Oooh i like that  ive got a low output UV bulb but he keeps climbing on the top of the holder i know it wont do him any harm but i think thats what he needs


----------



## Iulia (Mar 2, 2011)

one of my corns practically lives on top of his :lol2:


----------



## hornet2k8 (May 4, 2014)

Lol i got some plastic vines from ebay for £2.30 cut it in half and it looks better now


----------



## hornet2k8 (May 4, 2014)

What should the temp be in the snake viv i think my viv is too cold for him ive got the thermostat at 29- 31 degrees C is that ok??


----------



## jakk (Jan 22, 2008)

When your are using a heat mat in a viv its not a question of over all temp in the viv its how hot is the mat. You will never heat the whole viv with a heat mat they only provide belly heat thats why I always use ceramics in my vivs. That dial thermometer you have in there is totally useless. You really need to get a digital thermometer of an infer red and take your readings from the heat mat.
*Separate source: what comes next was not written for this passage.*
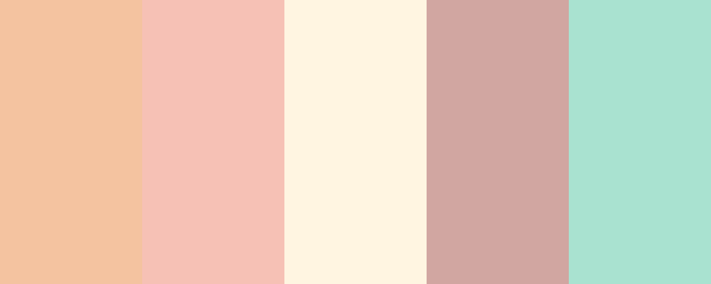 This palette captures the warm and inviting essence of Aristocrat Peach, complemented by soft coral tones, creamy whites, dusty rose shades, and a refreshing mint green for balance.

As for trying to keep a hot and cold end, that should be easy the mat should only be large enough to cover one side of the tank. If it covers the whole tank then there is no cold end and thats no good. How have you got the heat mat set up? Can you post pictures please? Do you have a thermostat?


----------



## hornet2k8 (May 4, 2014)

Yea ive got a thermostat in the tank and a heat mat i got told ypu dont need a basking bulb just a heat mat its my first snake so i dont know ive got beardies and there set up has got a ceramic heat bulb and uv light should i get a small one for the snake ?? The tank is only 2 ft long


----------



## hornet2k8 (May 4, 2014)

this is the set up ive got a large heat mat which i used for my beardies a while ago and found out it can burn them


----------



## jakk (Jan 22, 2008)

If your worried about heat mats burning your beardies, stand to reason the heat mat can burn your snake as well, and it can if you don't have t set up correctly. the probe from the het mat needs to be set on the substrate dover the heat mat or it won't get correct readings. How much of the viv is covered by the heat mat? 

The ceramic vs heat mat debate has been going for ever. I prefer ceramics myself. They cost more and need more expensive thermostats, Im sure you have one with your beardies? But they provide heat for the entire viv not just belly heat. I think about it like this in the wild there ambient temperature is high, so i replicate that with ceramics. 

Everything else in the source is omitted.